It is well known that the hearth of an iron blast furnace is provided with a tap hole, commonly referred to as an "iron notch" through which molten iron, usually referred to as "hot metal", is drawn off at periodic intervals during a blast furnace campaign. During a normal campaign, such tapping must be done an average of five to twelve times daily, as the blast furnace hearth becomes filled with molten iron (i.e., hot metal) and molten slag. After the blast furnace has been tapped, i.e. the molten hot metal and slag drained therefrom, the tap hole, or iron notch, is plugged with clay or "mud" which will harden and seal to tap hole until the next time the blast furnace is tapped.

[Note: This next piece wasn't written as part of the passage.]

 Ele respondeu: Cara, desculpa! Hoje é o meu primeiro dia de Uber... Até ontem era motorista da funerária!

In accordance with conventional practices, a special drill is often utilized to open the tap hole, i.e., drill a passageway through the hardened clay plugging the iron notch, for purposes of tapping the blast furnace. Such blast furnace tap hole drills are normally pneumatically or hydraulically operated rotary-percussion drills comparable to rock drills utilized in the mining industry. Such drills impart both a rotary and an impact force on an elongated drill rod having a rock drill bit at the end thereof, which is disposed against the iron notch, and normally includes a compressed air system for blowing compressed air through the center of the drill bit and drill rod assembly to purge drilling debris from the drilled hole. Typical operations usually utilize a four-wing drill bit having an axial air passage through which compressed air is blown, with the drill bit attached to an elongated drill rod (typically at least about 10 feet in length) having an air passageway drilled throughout the full axial length thereof.

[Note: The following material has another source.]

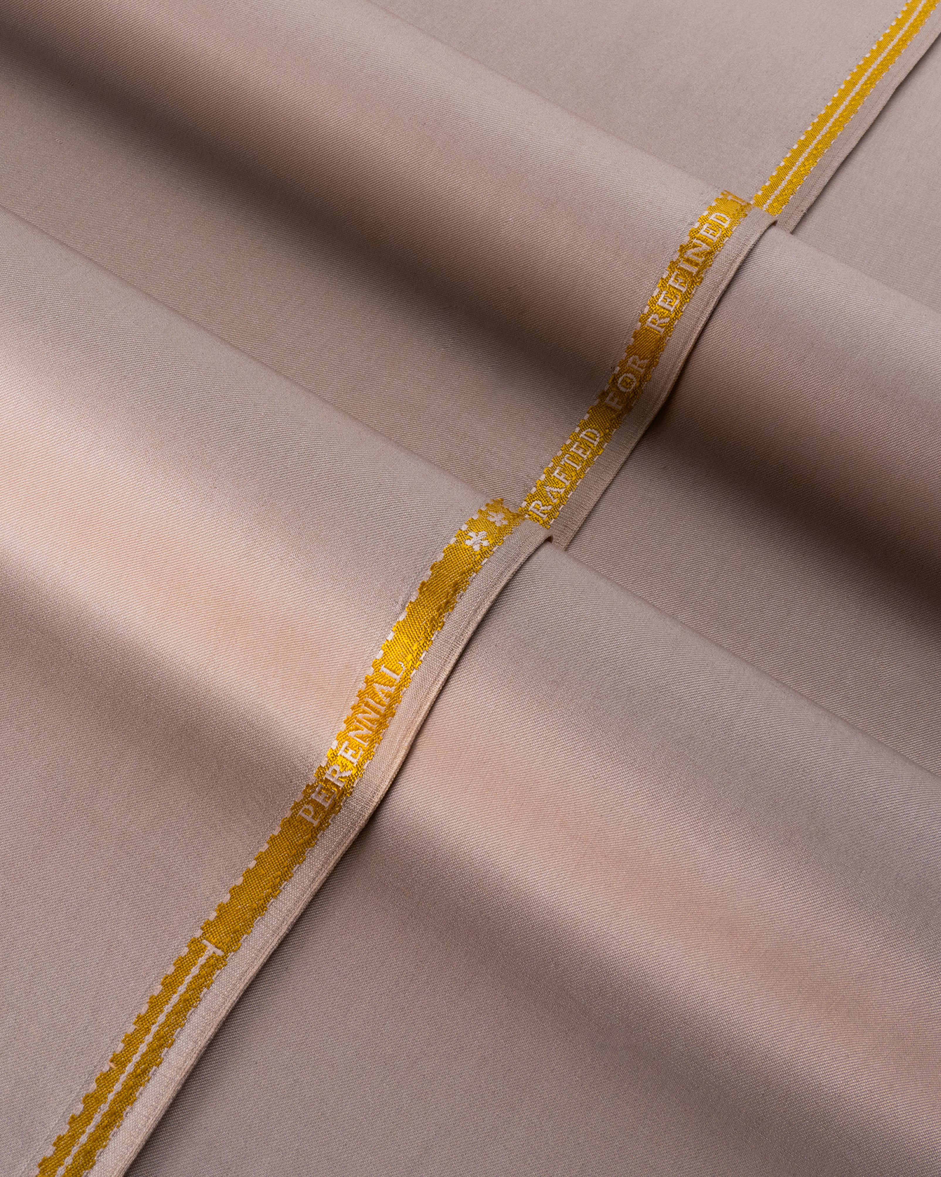 Crafted in collaboration with Saif Textiles, Perennial is built for tailoring that speaks in whispers but stands apart in any room. With a medium-to-heavy body and an exceptionally clean finish, the fabric closely emulates high-grade worsted wool, yet is designed with improved breathability and performance. This makes it ideal for ceremonial dressing, signature jackets, or classic sherwanis with enduring structure and comfort. Offered in limited runs with Mohtaram’s most exclusive packaging, Perennial is for connoisseurs — those who understand the language of cloth.

The base support for the blast furnace tap hole drill is normally secured to the floor, a structural column or some solid base structure in the vicinity of the blast furnace iron notch, and is provided with suitable linkage members and remote controls so that the blast furnace tap hole drill can be remotely operated to move the drill into proper position for drilling the tap hole, then operated to drill the tap hole, and thereafter moved back away from the tap hole and the heat of the emerging hot metal, where the drill can be serviced and prepared for the next tap.

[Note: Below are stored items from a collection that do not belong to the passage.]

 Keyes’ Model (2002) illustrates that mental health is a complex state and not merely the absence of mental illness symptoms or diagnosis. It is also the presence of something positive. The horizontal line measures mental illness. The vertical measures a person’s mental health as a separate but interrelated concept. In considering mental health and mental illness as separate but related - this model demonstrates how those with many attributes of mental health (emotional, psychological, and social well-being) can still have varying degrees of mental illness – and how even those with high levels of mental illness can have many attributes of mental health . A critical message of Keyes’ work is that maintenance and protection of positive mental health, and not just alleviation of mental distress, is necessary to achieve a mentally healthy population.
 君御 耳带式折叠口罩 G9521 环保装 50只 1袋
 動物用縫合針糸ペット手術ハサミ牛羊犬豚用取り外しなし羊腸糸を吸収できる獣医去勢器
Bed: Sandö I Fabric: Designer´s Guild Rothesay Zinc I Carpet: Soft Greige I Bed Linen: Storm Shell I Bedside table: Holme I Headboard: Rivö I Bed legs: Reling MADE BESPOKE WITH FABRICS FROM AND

To prepare the blast furnace tap hole drill for each succeeding tap, it is always necessary to replace the drill bit, if not the entire drill bit and drill rod assembly to which the drill bit is secured. This is because the temperature of the blast furnace hot metal, being about 2700-2800.degree. F., severely erodes the drill bit after it drills through the clay plug and enters the bath of molten hot metal. In addition, once the tap hole is drilled, the ferrostatic head of hot metal, within the blast furnace, will cause hot metal to emerge through the tap hole around the drill bit and drill rod before the drill rod and bit can be safely withdrawn from the tap hole. Oftentimes, the drill bit and drill rod will not only be severely eroded, but portions of the drill bit remaining may virtually be "welded" to the end of the drill rod to which it had previously been removably attached. In such event, it may be impossible to remove the drill bit from the drill rod to replace a new drill bit, and accordingly, it usually becomes necessary to replace the entire assembly, i.e., drill bit and adjoining drill rod or drill rod component to which the drill bit becomes welded. Accordingly, the expense associated with such a result is normally rather excessive when considering not only the cost of the replacement drill bit, but also the cost of the replacement drill rod, both of which are normally beyond salvage and must be discarded. Indeed, such drill rods, as necessary for tapping shaft furnaces, such as a blast furnace, are rather costly to produce in that they must be good quality steel of exceptional length, and must have an air hole drilled through the full length. Accordingly, the art is not only in need of a lower cost drill bit, but also in need of a lower cost drill rod, one in which the costly need to drill an elongated, axial air passageway can be eliminated or reduced.